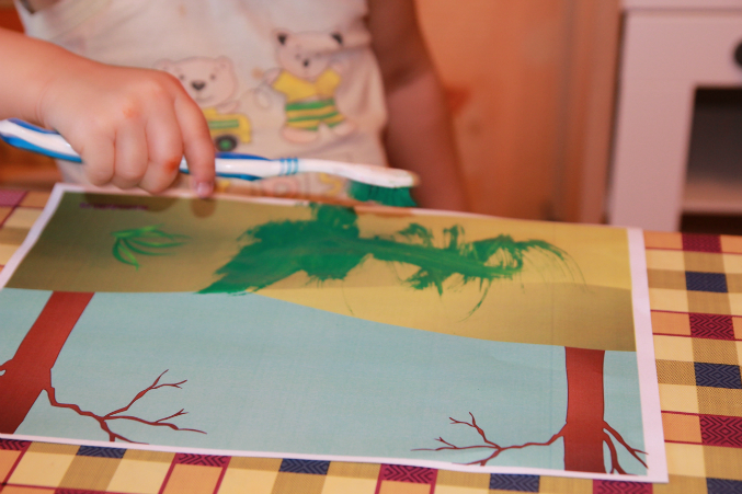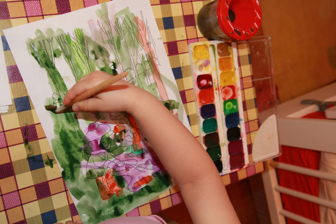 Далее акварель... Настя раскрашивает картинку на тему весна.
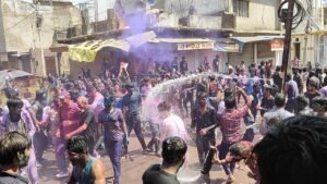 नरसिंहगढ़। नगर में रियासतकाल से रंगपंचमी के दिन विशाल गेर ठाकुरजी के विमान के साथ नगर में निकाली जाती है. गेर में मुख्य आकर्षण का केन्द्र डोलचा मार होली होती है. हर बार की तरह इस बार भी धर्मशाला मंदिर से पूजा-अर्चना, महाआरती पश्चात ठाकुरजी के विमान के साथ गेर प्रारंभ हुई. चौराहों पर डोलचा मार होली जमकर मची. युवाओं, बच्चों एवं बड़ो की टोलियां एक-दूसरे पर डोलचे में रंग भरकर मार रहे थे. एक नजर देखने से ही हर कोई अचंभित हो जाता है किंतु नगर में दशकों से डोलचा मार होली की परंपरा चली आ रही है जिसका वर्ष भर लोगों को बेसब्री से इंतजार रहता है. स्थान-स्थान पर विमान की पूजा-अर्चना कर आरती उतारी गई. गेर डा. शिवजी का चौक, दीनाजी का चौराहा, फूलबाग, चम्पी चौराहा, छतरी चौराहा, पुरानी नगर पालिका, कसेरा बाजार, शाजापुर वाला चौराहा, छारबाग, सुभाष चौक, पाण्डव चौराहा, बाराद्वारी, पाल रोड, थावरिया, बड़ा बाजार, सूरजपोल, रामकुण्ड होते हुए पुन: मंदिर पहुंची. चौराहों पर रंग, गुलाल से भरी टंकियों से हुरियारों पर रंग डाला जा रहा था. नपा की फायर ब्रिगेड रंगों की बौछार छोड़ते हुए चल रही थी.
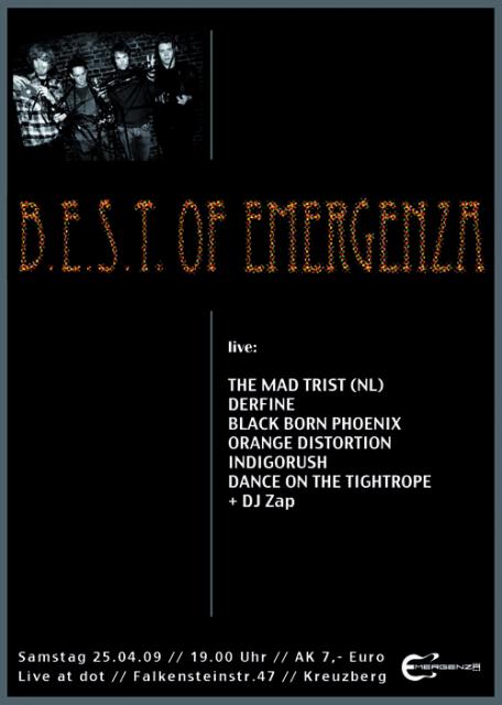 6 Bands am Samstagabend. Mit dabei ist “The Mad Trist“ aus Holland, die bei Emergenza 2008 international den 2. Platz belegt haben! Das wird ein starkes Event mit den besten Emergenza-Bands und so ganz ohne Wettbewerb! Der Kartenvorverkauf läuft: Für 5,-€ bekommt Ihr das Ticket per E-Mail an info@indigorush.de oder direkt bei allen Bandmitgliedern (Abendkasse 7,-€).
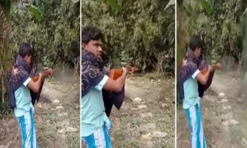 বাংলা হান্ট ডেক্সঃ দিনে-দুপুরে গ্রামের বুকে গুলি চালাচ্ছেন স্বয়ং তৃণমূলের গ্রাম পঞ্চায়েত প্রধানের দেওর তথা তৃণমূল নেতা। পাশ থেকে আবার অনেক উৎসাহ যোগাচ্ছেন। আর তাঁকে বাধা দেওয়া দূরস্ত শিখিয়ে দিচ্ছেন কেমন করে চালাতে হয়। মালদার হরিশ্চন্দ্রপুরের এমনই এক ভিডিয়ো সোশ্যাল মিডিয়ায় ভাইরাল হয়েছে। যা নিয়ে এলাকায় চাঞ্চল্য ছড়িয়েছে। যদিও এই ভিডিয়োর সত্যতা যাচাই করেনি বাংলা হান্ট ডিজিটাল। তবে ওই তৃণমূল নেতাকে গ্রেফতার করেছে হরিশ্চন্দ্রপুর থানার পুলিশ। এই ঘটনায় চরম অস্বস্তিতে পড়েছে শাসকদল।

Work item — This task calls for the listing to be restated exactly, with images omitted.

Result —
 Далее акварель... Настя раскрашивает картинку на тему весна.
 नरसिंहगढ़। नगर में रियासतकाल से रंगपंचमी के दिन विशाल गेर ठाकुरजी के विमान के साथ नगर में निकाली जाती है. गेर में मुख्य आकर्षण का केन्द्र डोलचा मार होली होती है. हर बार की तरह इस बार भी धर्मशाला मंदिर से पूजा-अर्चना, महाआरती पश्चात ठाकुरजी के विमान के साथ गेर प्रारंभ हुई. चौराहों पर डोलचा मार होली जमकर मची. युवाओं, बच्चों एवं बड़ो की टोलियां एक-दूसरे पर डोलचे में रंग भरकर मार रहे थे. एक नजर देखने से ही हर कोई अचंभित हो जाता है किंतु नगर में दशकों से डोलचा मार होली की परंपरा चली आ रही है जिसका वर्ष भर लोगों को बेसब्री से इंतजार रहता है. स्थान-स्थान पर विमान की पूजा-अर्चना कर आरती उतारी गई. गेर डा. शिवजी का चौक, दीनाजी का चौराहा, फूलबाग, चम्पी चौराहा, छतरी चौराहा, पुरानी नगर पालिका, कसेरा बाजार, शाजापुर वाला चौराहा, छारबाग, सुभाष चौक, पाण्डव चौराहा, बाराद्वारी, पाल रोड, थावरिया, बड़ा बाजार, सूरजपोल, रामकुण्ड होते हुए पुन: मंदिर पहुंची. चौराहों पर रंग, गुलाल से भरी टंकियों से हुरियारों पर रंग डाला जा रहा था. नपा की फायर ब्रिगेड रंगों की बौछार छोड़ते हुए चल रही थी.
 6 Bands am Samstagabend. Mit dabei ist “The Mad Trist“ aus Holland, die bei Emergenza 2008 international den 2. Platz belegt haben! Das wird ein starkes Event mit den besten Emergenza-Bands und so ganz ohne Wettbewerb! Der Kartenvorverkauf läuft: Für 5,-€ bekommt Ihr das Ticket per E-Mail an info@indigorush.de oder direkt bei allen Bandmitgliedern (Abendkasse 7,-€).
 বাংলা হান্ট ডেক্সঃ দিনে-দুপুরে গ্রামের বুকে গুলি চালাচ্ছেন স্বয়ং তৃণমূলের গ্রাম পঞ্চায়েত প্রধানের দেওর তথা তৃণমূল নেতা। পাশ থেকে আবার অনেক উৎসাহ যোগাচ্ছেন। আর তাঁকে বাধা দেওয়া দূরস্ত শিখিয়ে দিচ্ছেন কেমন করে চালাতে হয়। মালদার হরিশ্চন্দ্রপুরের এমনই এক ভিডিয়ো সোশ্যাল মিডিয়ায় ভাইরাল হয়েছে। যা নিয়ে এলাকায় চাঞ্চল্য ছড়িয়েছে। যদিও এই ভিডিয়োর সত্যতা যাচাই করেনি বাংলা হান্ট ডিজিটাল। তবে ওই তৃণমূল নেতাকে গ্রেফতার করেছে হরিশ্চন্দ্রপুর থানার পুলিশ। এই ঘটনায় চরম অস্বস্তিতে পড়েছে শাসকদল।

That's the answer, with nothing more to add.